The reason I teach beginners to nosestall is mainly because this simple little trick really helped me to learn how to ollie when I was first learning. Also, it’s going to test your balance and ability to quickly reshuffle your feet whilst moving, and it’s a great way to get into fakie so that you can get a feel for rolling backwards and practice switching.
A nosestall is where you roll up to a lip or ledge of some description and put the nose of the skateboard over it then stall (stop dead) with your weight on the nose and the tail in the air. A kerb is the ideal place to start – it should be just high enough that you have to lift the nose of the skateboard up a bit to get on it
Push (or tic tac!) yourself directly towards the kerb at a moderate speed. Before you reach the kerb, you need to shuffle your front foot up on to the nose of the skateboard so you’ve got one foot on each kicktail, like so…

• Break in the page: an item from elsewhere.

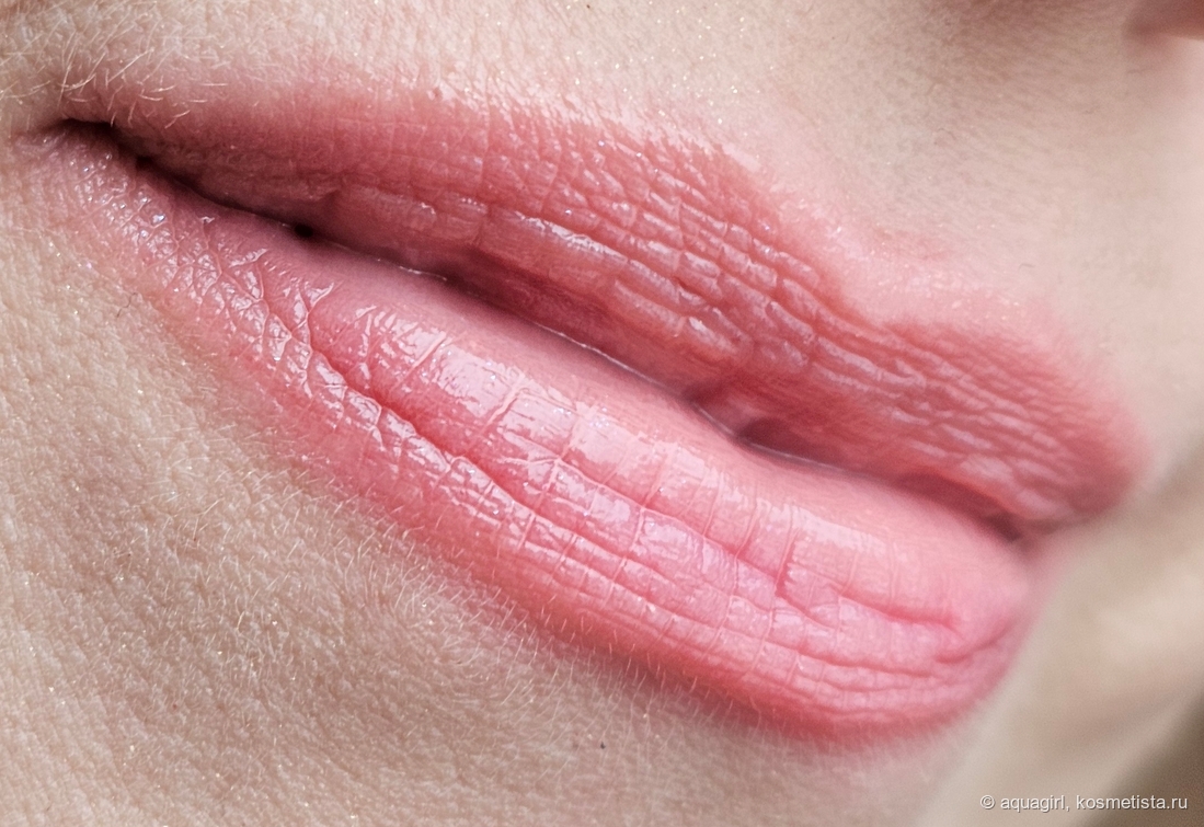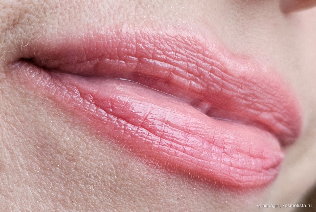 Так как оттенок разбеленный, есть небольшие затекания в складки. Я не встречала пока ни одного средства для губ такого оттенка, которое бы так не делало.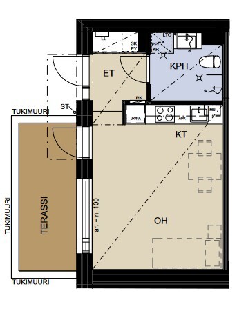 Kerrostalo 1h+kt+terassi

Just like you did when tic tacking, apply a little weight to your back foot in order to lift the nose just before you hit the kerb. Almost immediately you then have to shift your weight on to the nose so that it stalls on the kerb and the tail hangs in the air. This makes the whole trick a quick see-saw movement. How much weight you have to shift forwards is entirely dependent on how fast you are riding – if you’re going quite fast, then your weight is going to be thrown forwards anyway due to the sudden stop as the front wheels hit the kerb. In this case, try and moderate your balance so you end up neatly stalled.
If it’s a nice wide kerb you have all the time in the world to collect yourself before dropping back onto the road. You do this simply by shifting your weight back again. The board will just slide off the kerb and start rolling, and you will be in fakie. The more agressively you shift your weight back, the smoother the drop off the kerb will be.
Switching Out Of Fakie
Being able to switch out of fakie back into your natural stance is a crucial ability to master. Many of the tricks you learn will land you in fakie – coming out of a nosestall is just the beginning. I remember well that switching is quite daunting. At this stage it’s the biggest test of balance to face and you will fall over at some point!
The key to switching, and in fact to rotating in general, is firstly to ‘wind up’ in the opposite direction to the way you want to turn, and secondly to lead the turn with the shoulders. You want to turn ‘backside’ or ‘b/s’ as it’s commonly abbreviated to. This means that during the rotation your heels will be pointing away from the direction of the turn. Therefore you must wind the top half of your body ‘frontside’ or ‘f/s’ before starting, like this:
Remember, this is drawn for a goofy footed skater (someone who rides naturally with their right foot forwards). If you are a regular footed skater, frontside will be the other way around. You don’t have to wind very far, just enough so that you can swing some momentum into the switch.
As I said, your shoulders should lead the turn, which means they are the first part to rotate. In essence, you are simply unwinding your body from its wound up position. As you do this, again apply a little weight to the tail so the nose lifts off the ground. Your hips will naturally follow the shoulders, and then so will your feet, taking the skateboard with them.
It may take a while to rotate a full 180° but there is no substitute for practice in this case. Try to keep your body weight centred above the skateboard. If too much of your weight hangs over the back wheels (where you are pivoting from) then the skateboard could easily shoot out from under you. As you come towards the 180° mark, remember to ease the front wheels down so they touch down solidly.